**RECORDED INFORMATION**
╭──

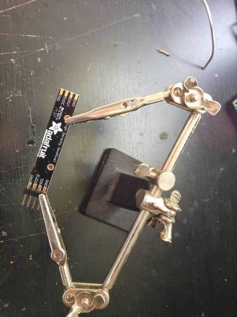 Del diagrama fritzing el circuito es un poco confuso pero es en realidad relativamente simple. Es importante tomar nota que vas a porque algunos ruido causado por los píxeles mete a la lectura de voltaje de la TMP36 y a su vez la lectura de temperatura TMP36 en un circuito separado del resto del proyecto. Cuando se trata de los píxeles un poco una soldadura va a tener que pasar. Vas a querer usar 4 cabeceras llanos, todos los días y soldarlos directamente sobre el palo de NeoPixel. Es absolutamente imperativo que se sale el pin correcto en esto de lo contrario tendrás que de y resoldar las cabeceras y confía en mí, las almohadillas de cobre en la NeoPixels no como ser resoldered y NeoPixels no son el componente más caro del mundo, varias varas que se inutilizó porque las almohadillas de cobre han sido sacadas se suman rápidamente. Para la soldadura te querrá una buena plancha y una soldadura con una galga fina. Un par de "tercera mano" son especialmente útiles en este proyecto como los encabezados pueden ser difíciles de soldar en el palo recto si el palo está mintiendo sobre la mesa.
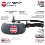 Hawkins 2 Litre Ceramic Nonstick Pressure Cooker, Induction Inner Lid Cooker, Granite Contura shaped Cooker, Blue (ICC20)
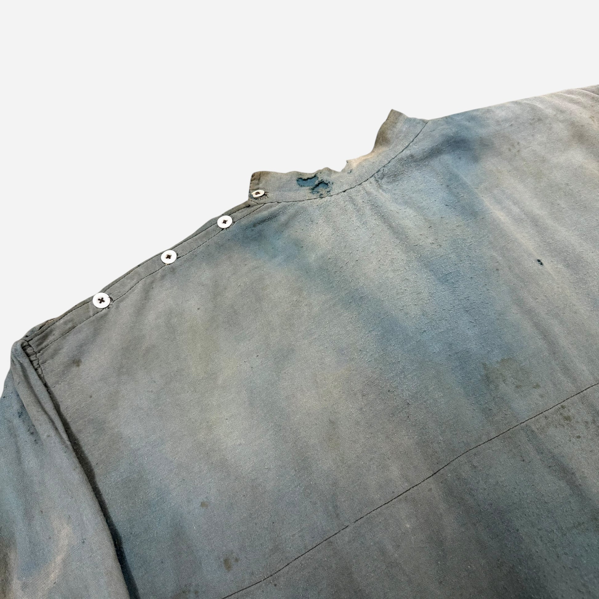 1880s Shoulder button blue cotton flannel work shirt (M)
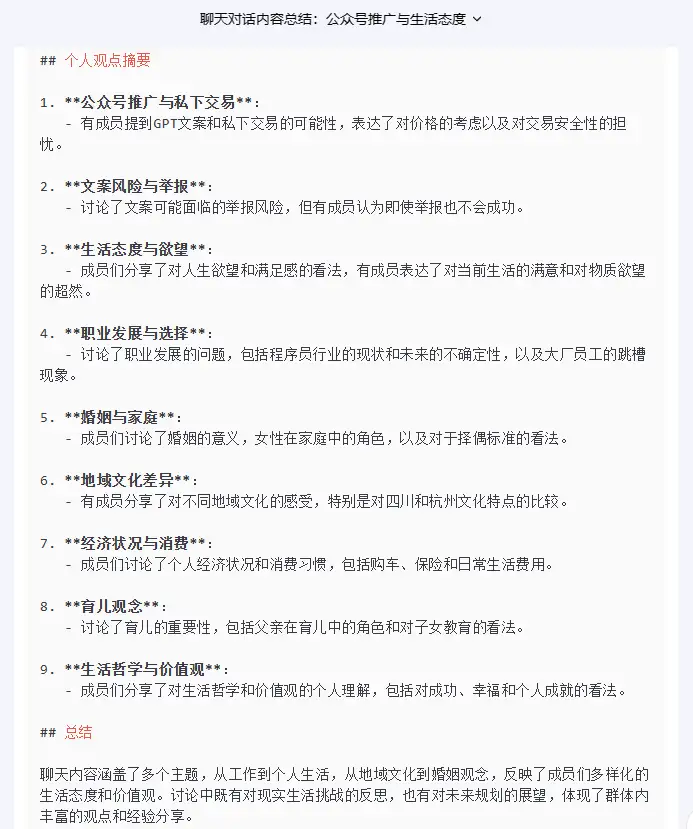 请将以下聊天对话内容的个人观点(必须有观点)进行总结,聊天者昵称用1个随机字符替代,并以MD格式输出:

╰──

Write out the material above exactly. Skip the pictures.

 Del diagrama fritzing el circuito es un poco confuso pero es en realidad relativamente simple. Es importante tomar nota que vas a porque algunos ruido causado por los píxeles mete a la lectura de voltaje de la TMP36 y a su vez la lectura de temperatura TMP36 en un circuito separado del resto del proyecto. Cuando se trata de los píxeles un poco una soldadura va a tener que pasar. Vas a querer usar 4 cabeceras llanos, todos los días y soldarlos directamente sobre el palo de NeoPixel. Es absolutamente imperativo que se sale el pin correcto en esto de lo contrario tendrás que de y resoldar las cabeceras y confía en mí, las almohadillas de cobre en la NeoPixels no como ser resoldered y NeoPixels no son el componente más caro del mundo, varias varas que se inutilizó porque las almohadillas de cobre han sido sacadas se suman rápidamente. Para la soldadura te querrá una buena plancha y una soldadura con una galga fina. Un par de "tercera mano" son especialmente útiles en este proyecto como los encabezados pueden ser difíciles de soldar en el palo recto si el palo está mintiendo sobre la mesa.
 Hawkins 2 Litre Ceramic Nonstick Pressure Cooker, Induction Inner Lid Cooker, Granite Contura shaped Cooker, Blue (ICC20)
 1880s Shoulder button blue cotton flannel work shirt (M)
 请将以下聊天对话内容的个人观点(必须有观点)进行总结,聊天者昵称用1个随机字符替代,并以MD格式输出:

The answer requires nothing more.